↪️

Enhanced Retrieval

Memories in our brains are not stable, they are reconsolidated and shift in importance as they are retrieved from the brain.

What you had for lunch 4 days ago might be hard to recall right now.

But, if you just had a discussion with a friend about that lunch, you are much more likely to remember it. It might even pop up in your head while you are thinking of something related.

Current methods of RAG, especially in the AI agent space, try to mimic the process of retrieving related information through algorithms such as cosine similarity & euclidean distance (good explanation here).

However, once encoded by an embedding system, these embeddings are static and stored in some sort of a vector database (I personally like pinecone). This is not what happens in our brains; memories shift in importance based on strength & recency.
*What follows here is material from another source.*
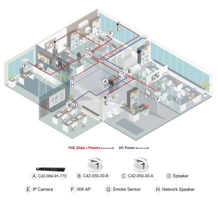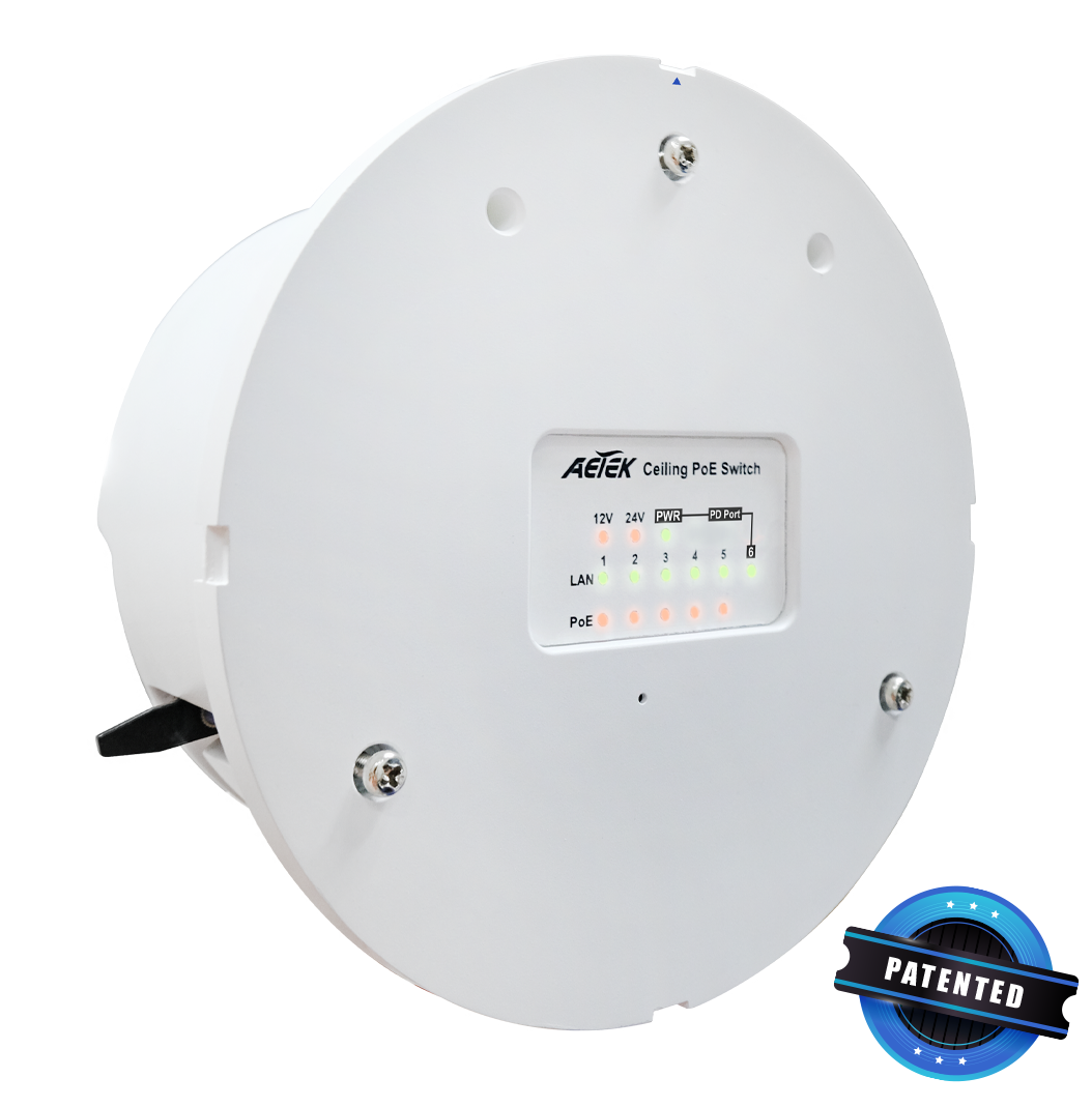 Dòng Switch PoE âm trần C42-050-030 không quản lý của AETEK với một cổng đầu vào PoE PD, năm cổng đầu ra PoE PSE và đèn LED chỉ báo trực quan, mang lại lợi ích từ việc lắp đặt chi phí thấp, chẩn đoán nhanh chóng và triển khai nguồn DC an toàn điện áp thấp. Tính năng PoE chuỗi chéo độc đáo của C42-050-30-B mở rộng phạm vi PoE lên đến 300m qua cáp Cat 5e/Cat 6 mà không cần bộ chuyển đổi nguồn AC/DC bổ sung trên trần. Hơn nữa, C42-050-30-B cung cấp đầu ra DC 12V & DC 24V cho thiết bị DC không phải IP.

What if we correct this through a simple change?

Proposal

Let’s add some value $\epsilon$ to each embedding vector that represents the strength of the memory. We will incorporate this value into an function such as cosine similarity to boost certain memories in priority.

In order to control $\epsilon$ , we should calculate it using the mean and standard deviation of vector A. Here is how to generate this value in python:

def generate_strength(a, alpha=0.5, beta=0.5):
    # ε = α * (mean(A) + std(A))
    epsilon = alpha * (mean(a) + (beta * std(a)))

    return epsilon

Here, Alpha and Beta values are just dials to control how strong the bias should be.

Alpha controls the whole strength value and Beta controls the influence of the standard deviation on the strength value.

Normal Cosine Similarity

Now, we will use this in a cosine similarity function. This is how the cosine similarity function looks like.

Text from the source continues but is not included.